В обставленном по-спартански кабинете в северном крыле здания университета Сент-Эндрюс, в дни пребывания у власти в Великобритании Маргарет Тэтчер, можно было найти за работой одного из тех людей, которые творили историю современной Шотландии; он сидел за письменным столом вблизи окна, выходившего на сумрачную бухту, где ветер гнал череду волн. Обычно этот человек носил джинсы и свитер, его волосы словно не знали расчески, а выражение его лица было по-совиному отстраненным, и все же в нем с первого взгляда угадывался острый ум, сочетавшийся с искренним добродушием и мягким голосом. В отличие от премьер-министра Тэтчер, этот человек верил в общество; верил столь страстно, что посвятил свою жизнь поиску бесчисленных свидетельств, способных раскрыть прошлое людей самой разной социальной принадлежности.

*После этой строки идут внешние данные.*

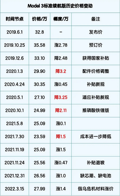 听小道消息特斯拉model3低配又要开始降价。听说要在22年底前调到20多万。可能是21.99W,如果真是这样,那又要掀起国内新能源市场的血雨腥风了,特斯拉的营销套路是先塑造高端形象,然后降价,靠着降维打击对国产形成压制,当特斯拉在国内形成规模后就开始涨价了,单车利润达6万,我们的比亚迪单车利润才4000,怎么选择大家知道了吧! Model 3历史价格
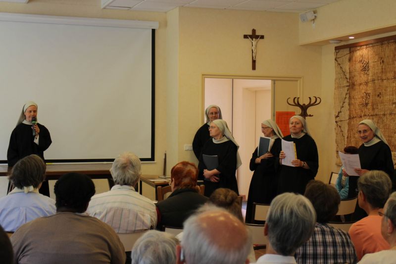 Après la prière de l’office de None, les bénédictines nous gâtent par un mini concert « Faire chanter les archives » qui reprend des partitions du XVIIe siècle, retrouvées dans les archives de la Congrégation.
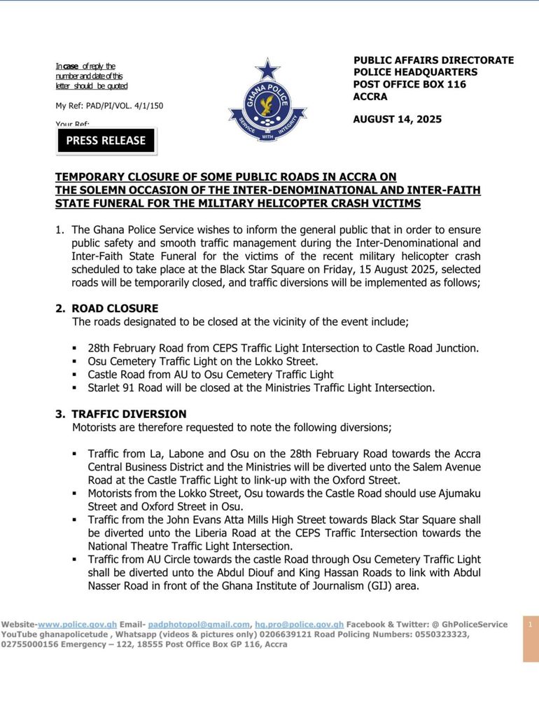 The Ghana Police Service has released a list of road closures and traffic diversions ahead of the Inter-Denominational and Inter-Faith State Funeral in Accra on Friday, August 15, for the eight (8) individuals who lost their lives in the tragic military helicopter crash at Adansi Akrofuom on Wednesday, 6 August.
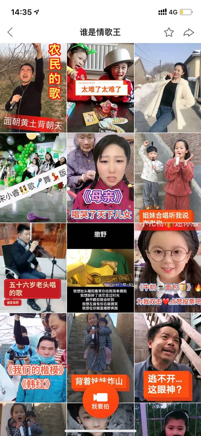 “你炸了我的山,推我過忘川……”情人節(jié)期間,在快手平臺(tái)爆火的情歌《炸山姑娘》被數(shù)以萬計(jì)的老鐵翻唱,爭奪“情歌王”稱號(hào)。2月,快手與QQ音樂聯(lián)合發(fā)起“誰是情歌王”線上翻唱活動(dòng),任何一位熱愛音樂的老鐵,只需拍攝翻唱視頻,選擇標(biāo)簽“誰是情歌王”上傳,即可參與活動(dòng)。
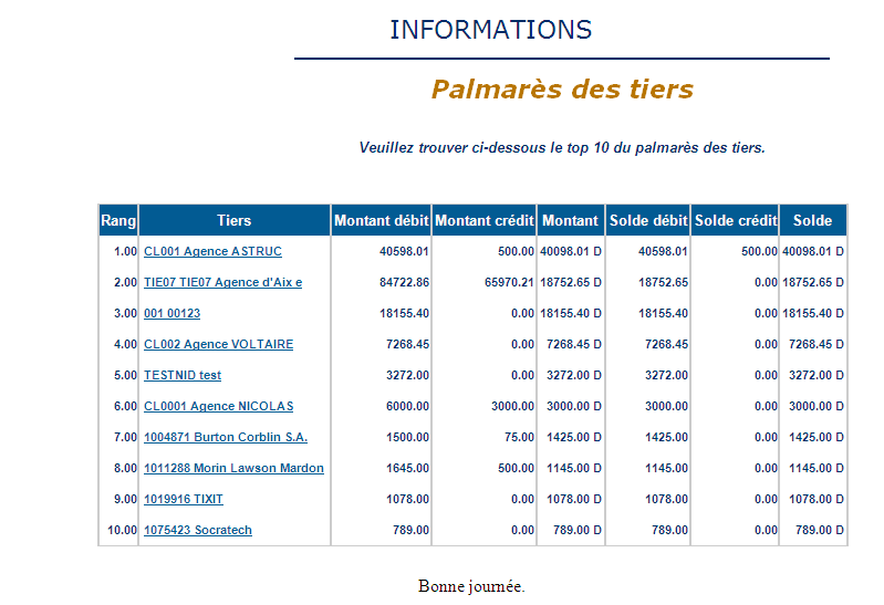 Le nombre de tiers extrait est paramétrable, on peut ainsi avoir un top 10, un top 50, etc.
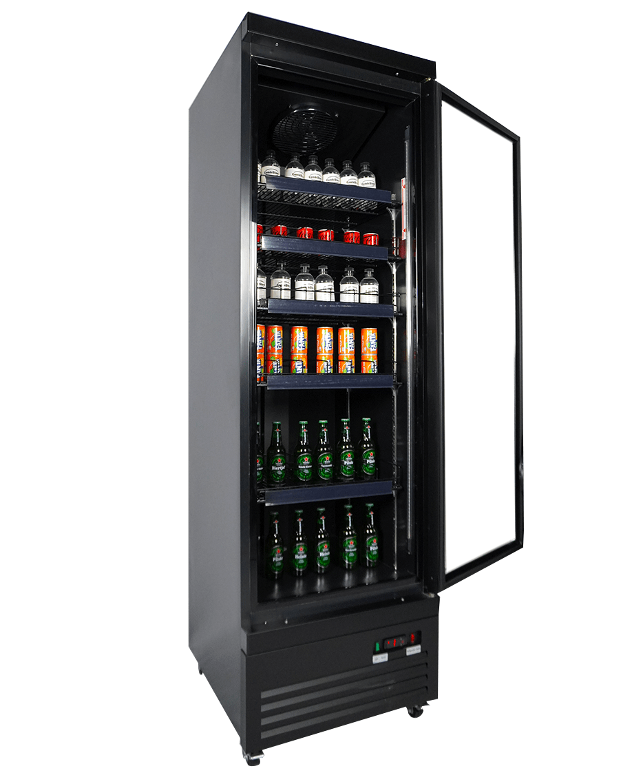Maak kennis met onze indrukwekkende zwarte koeling met 1 glasdeur, speciaal ontworpen voor supermarkten en professionele instellingen!

Этого человека звали профессор Т. Ч. Смаут; он считается отцом шотландской социально-экономической истории и в 1980 году перебрался из Эдинбурга в Сент-Эндрюс, который благодаря ему приобрел в конце XX столетия репутацию альма-матер современной шотландской исторической науки. Пожалуй, едва ли можно было бы найти лучшее место для изучения прошлого Шотландии, нежели этот городок на скалистом восточном побережье. Немногие места в стране способны сравниться с ним в многообразии и драматизме происходивших в них событий. Неподалеку от кабинета Смаута был некогда повешен, а затем сожжен тихий и добросердечный Джордж Уишарт, на прощание поцеловавший своего палача; всего в нескольких милях от университета раскинулась пустошь, где изменника архиепископа Шарпа выволокли из кареты и затоптали насмерть разъяренные ковенантеры. Джон Нокс в свое время укрывался в замке Сент-Эндрюс, до которого от кабинета Смаута буквально подать рукой, а история гольфа, утвердившегося в обществе в викторианскую эпоху, разворачивалась, так сказать, в двух шагах от здания исторического факультета. Здесь также учился будущий король Уильям Виндзор, вслед за которым в город хлынули толпы папарацци и светловолосых и белозубых искательниц счастья, а секретная служба в стремлении обезопасить персону принца запечатала все городские канализационные люки.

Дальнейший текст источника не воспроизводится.